Aim of the task:
Write the records below out again word for word, with the pictures removed.

Data extracts:
┄┄┄┄┄┄┄┄┄┄┄┄┄┄┄┄┄┄┄┄
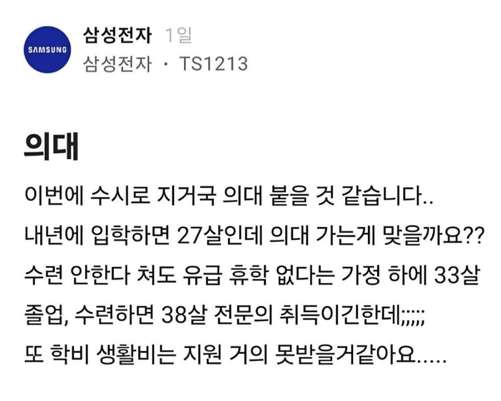 [기타]수시로 의대붙어서 고민하는 삼성직원 작성자음교수2|작성시간25.12.14|조회수95,243 목록 댓글 24 글자크기 작게가 글자크기 크게가 다음검색 현재 게시글 추가 기능 열기 북마크 공유하기 신고 센터로 신고 댓글 댓글 24 댓글쓰기 답글쓰기 댓글 리스트 작성자가보자귱 | 작성시간 25.12.14 무조건감 작성자플레이오프 | 작성시간 25.12.14 임원가더라도 정년 생각하면 의사가 훨 낫죠 ㅋㅋ 작성자아저씨 | 작성시간 25.12.14 이걸 안 가? 작성자끝판대장부폰 | 작성시간 25.12.14 정년생각하면 의사가 맞는듯 작성자심수봉 | 작성시간 25.12.14 결혼햇으면 고민될듯 댓글 전체보기
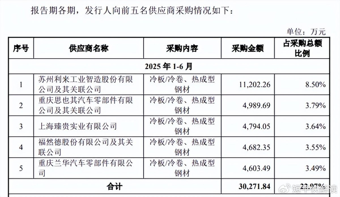重庆思也其汽车零部件成立次年晋升为前五供应商。报告期内,重庆思也其汽车零部件有限公司(重庆思也其汽车零部件)均位列至信股份前五供应商之列,采购金额分别为5,913.99万元、8,466.25万元、8,673.55万元、4,989.69万元,采购内容是冷板/冷卷、热成型钢材。
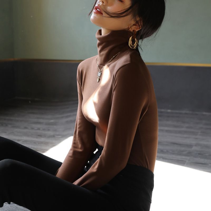 纯色德绒堆堆高领打底衫女内搭秋冬季加绒加厚长袖打底衣紧身t恤
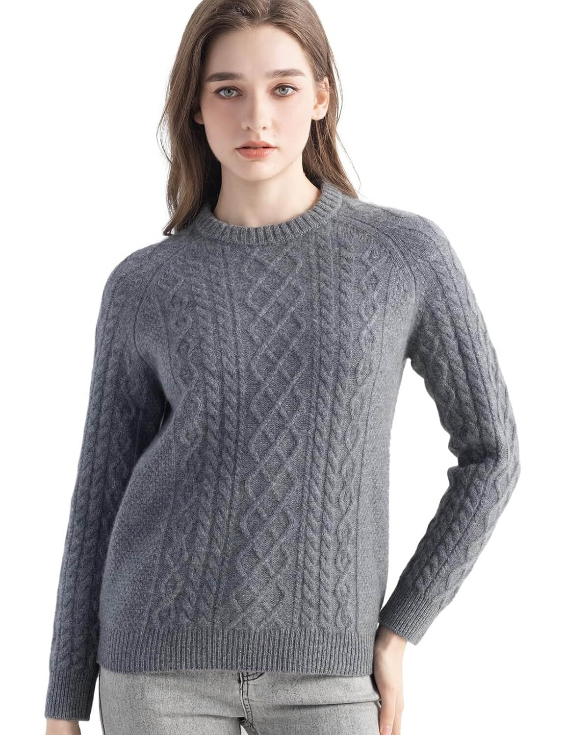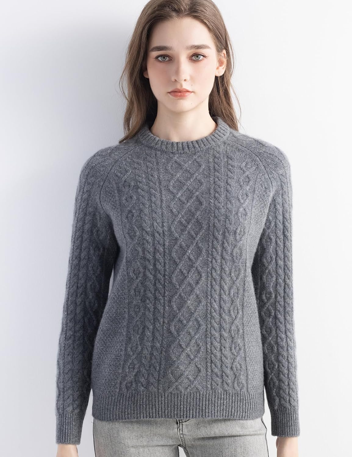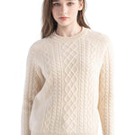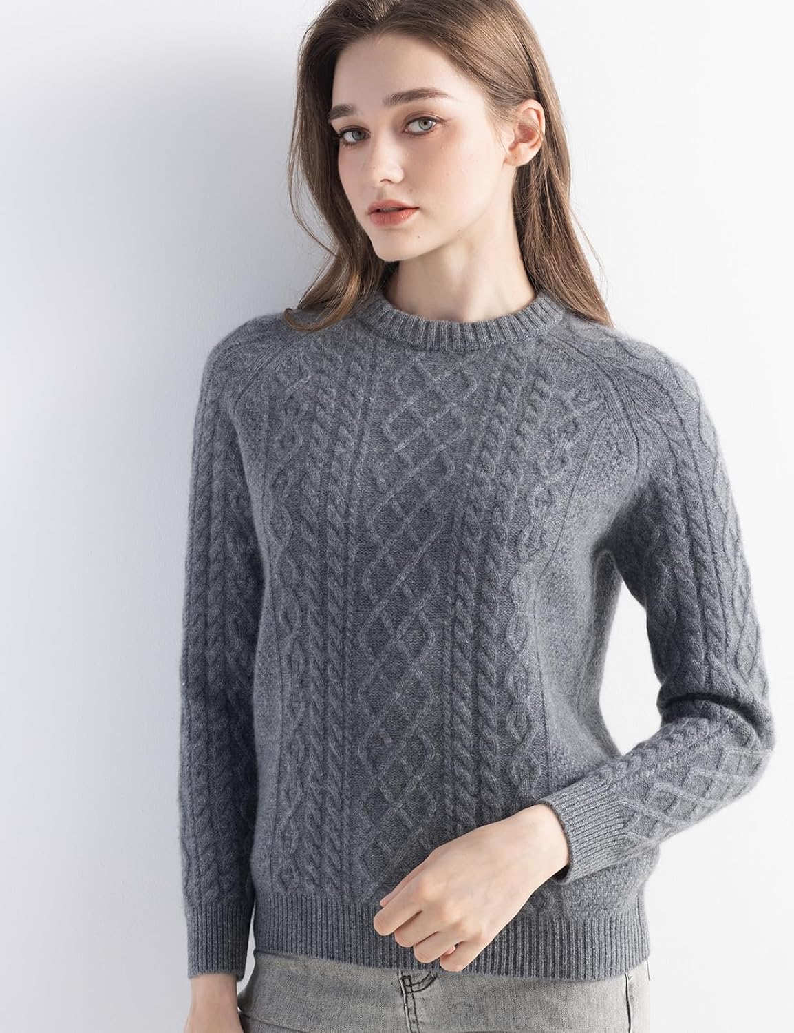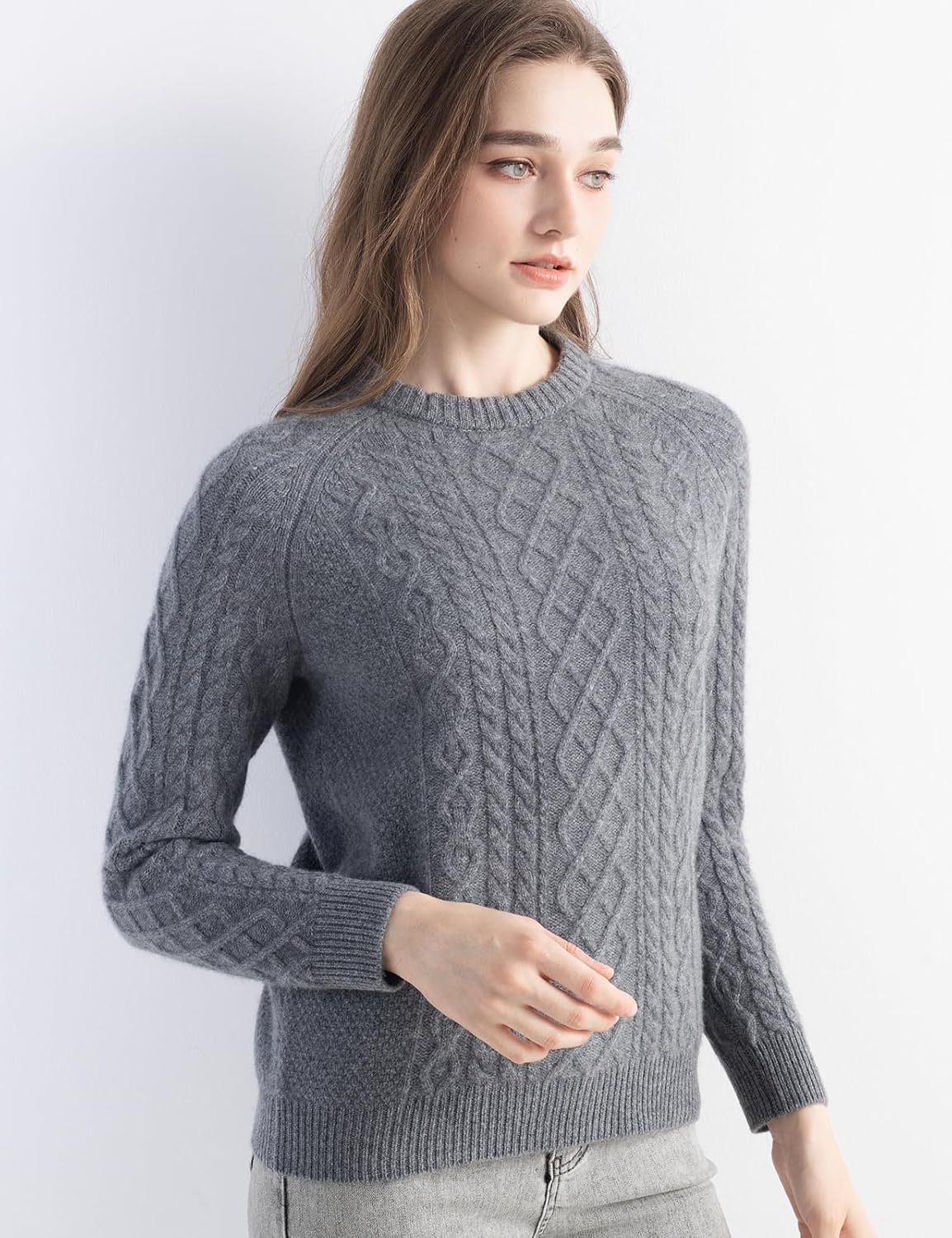 Elevate your autumn and winter wardrobe with this 100% cashmere crewneck sweater. Crafted from luxuriously soft Inner Mongolia cashmere, it features a timeless cable-knit with square pattern detailing. Lightweight yet warm, with a classic fit and long sleeves, it combines effortless style with cozy comfort.
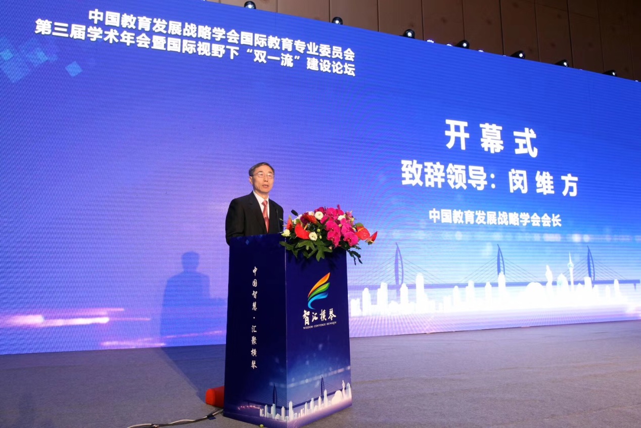开幕式由澳门大学校长、中国教育发展战略学会副会长兼国际教育专业委员理事长宋永华主持,中国教育发展战略学会会长闵维方,国际合作与交流司原司长、国际教育专业委员会荣誉理事长李东翔,珠海横琴新区管委会副主任李志平先后致辞。北京大学原校长林建华,华南理工大学校长高松,教育部国际合作与交流司原司长、中国驻美国使馆教育处前公使衔参赞岑建君,西南交通大学校长徐飞,宋永华做大会主旨报告。
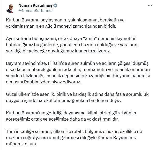 TBMM Başkanı Numan Kurtulmuş, sosyal medya hesabından paylaştığı mesajında, "Kurban Bayramı, paylaşmanın, yakınlaşmanın, bereketin ve yardımlaşmanın en güçlü manevi zamanlarından biridir. Aynı sofrada buluşmanın, ortak duaya 'amin' demenin kıymetini hatırladığımız bu günlerde, gönüllerin huzurla dolduğu ve yaraların sarıldığı bir geleceğe duyduğumuz inancı tazeliyoruz. Bayram sevincimize, Filistin'de süren zulmün ve acıların gölgesi düşmüş olsa da bu mübarek günlerin adaletin, merhametin ve insanlık onurunun yeniden filizlendiği, insanlık cephesinin kazandığı bir dünyanın habercisi olmasını Rabbimizden niyaz ediyoruz. Güzel ülkemizde esenlik, birlik ve kardeşlik adına daha fazla sorumluluk duygusu içinde hareket etmemiz gereken bir dönemdeyiz. Kurban Bayramı'nın getirdiği dayanışma iklimi, bizleri güzel günler göreceğimiz ortak geleceğimize daha da yaklaştırmalıdır. Tüm insanlığa selamet, ülkemize refah, bölgemize huzur; özellikle de mazlum coğrafyalara umut getirmesi dileğiyle Kurban Bayramımız mübarek olsun" ifadelerini kullandı. (DHA)
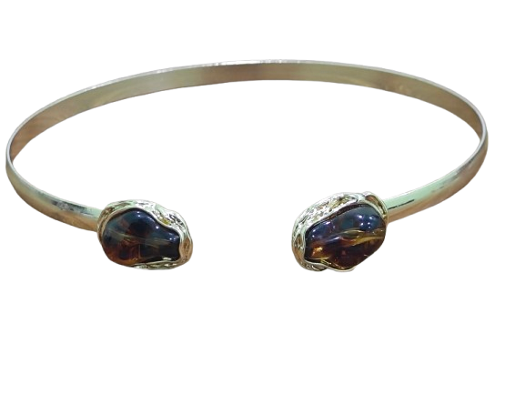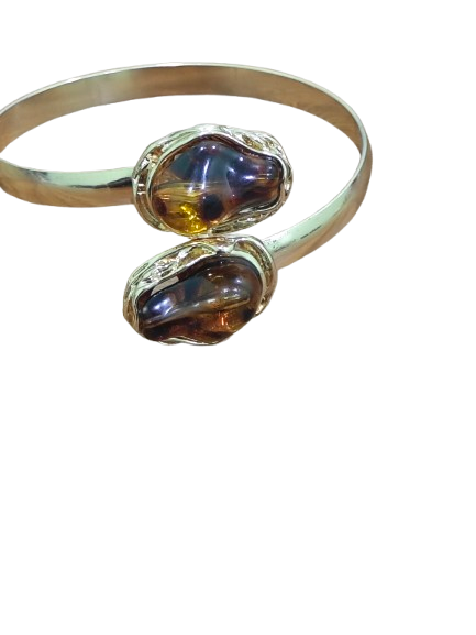 Δώσε στο στυλ σου καλλιτεχνική λάμψη με αυτό το χειροποίητο σετ κοσμημάτων. Περιλαμβάνει μεταλλικό περιδέραιο και βραχιόλι, και τα δύο ανοιχτού τύπου για άνετη εφαρμογή. Στις άκρες τους, δύο γυάλινες πέτρες σε καλλιτεχνικό σχήμα προσθέτουν ζωντανά χρώματα και μοναδικότητα.
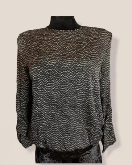 Esta Blusita está padrísima, creo que no habría mejor descripción, es negra con óvalos en blanco y amarillo 🤗
┄┄┄┄┄┄┄┄┄┄┄┄┄┄┄┄┄┄┄┄
Response to the task:
 [기타]수시로 의대붙어서 고민하는 삼성직원 작성자음교수2|작성시간25.12.14|조회수95,243 목록 댓글 24 글자크기 작게가 글자크기 크게가 다음검색 현재 게시글 추가 기능 열기 북마크 공유하기 신고 센터로 신고 댓글 댓글 24 댓글쓰기 답글쓰기 댓글 리스트 작성자가보자귱 | 작성시간 25.12.14 무조건감 작성자플레이오프 | 작성시간 25.12.14 임원가더라도 정년 생각하면 의사가 훨 낫죠 ㅋㅋ 작성자아저씨 | 작성시간 25.12.14 이걸 안 가? 작성자끝판대장부폰 | 작성시간 25.12.14 정년생각하면 의사가 맞는듯 작성자심수봉 | 작성시간 25.12.14 결혼햇으면 고민될듯 댓글 전체보기
重庆思也其汽车零部件成立次年晋升为前五供应商。报告期内,重庆思也其汽车零部件有限公司(重庆思也其汽车零部件)均位列至信股份前五供应商之列,采购金额分别为5,913.99万元、8,466.25万元、8,673.55万元、4,989.69万元,采购内容是冷板/冷卷、热成型钢材。
 纯色德绒堆堆高领打底衫女内搭秋冬季加绒加厚长袖打底衣紧身t恤
 Elevate your autumn and winter wardrobe with this 100% cashmere crewneck sweater. Crafted from luxuriously soft Inner Mongolia cashmere, it features a timeless cable-knit with square pattern detailing. Lightweight yet warm, with a classic fit and long sleeves, it combines effortless style with cozy comfort.
开幕式由澳门大学校长、中国教育发展战略学会副会长兼国际教育专业委员理事长宋永华主持,中国教育发展战略学会会长闵维方,国际合作与交流司原司长、国际教育专业委员会荣誉理事长李东翔,珠海横琴新区管委会副主任李志平先后致辞。北京大学原校长林建华,华南理工大学校长高松,教育部国际合作与交流司原司长、中国驻美国使馆教育处前公使衔参赞岑建君,西南交通大学校长徐飞,宋永华做大会主旨报告。
 TBMM Başkanı Numan Kurtulmuş, sosyal medya hesabından paylaştığı mesajında, "Kurban Bayramı, paylaşmanın, yakınlaşmanın, bereketin ve yardımlaşmanın en güçlü manevi zamanlarından biridir. Aynı sofrada buluşmanın, ortak duaya 'amin' demenin kıymetini hatırladığımız bu günlerde, gönüllerin huzurla dolduğu ve yaraların sarıldığı bir geleceğe duyduğumuz inancı tazeliyoruz. Bayram sevincimize, Filistin'de süren zulmün ve acıların gölgesi düşmüş olsa da bu mübarek günlerin adaletin, merhametin ve insanlık onurunun yeniden filizlendiği, insanlık cephesinin kazandığı bir dünyanın habercisi olmasını Rabbimizden niyaz ediyoruz. Güzel ülkemizde esenlik, birlik ve kardeşlik adına daha fazla sorumluluk duygusu içinde hareket etmemiz gereken bir dönemdeyiz. Kurban Bayramı'nın getirdiği dayanışma iklimi, bizleri güzel günler göreceğimiz ortak geleceğimize daha da yaklaştırmalıdır. Tüm insanlığa selamet, ülkemize refah, bölgemize huzur; özellikle de mazlum coğrafyalara umut getirmesi dileğiyle Kurban Bayramımız mübarek olsun" ifadelerini kullandı. (DHA)
 Δώσε στο στυλ σου καλλιτεχνική λάμψη με αυτό το χειροποίητο σετ κοσμημάτων. Περιλαμβάνει μεταλλικό περιδέραιο και βραχιόλι, και τα δύο ανοιχτού τύπου για άνετη εφαρμογή. Στις άκρες τους, δύο γυάλινες πέτρες σε καλλιτεχνικό σχήμα προσθέτουν ζωντανά χρώματα και μοναδικότητα.
 Esta Blusita está padrísima, creo que no habría mejor descripción, es negra con óvalos en blanco y amarillo 🤗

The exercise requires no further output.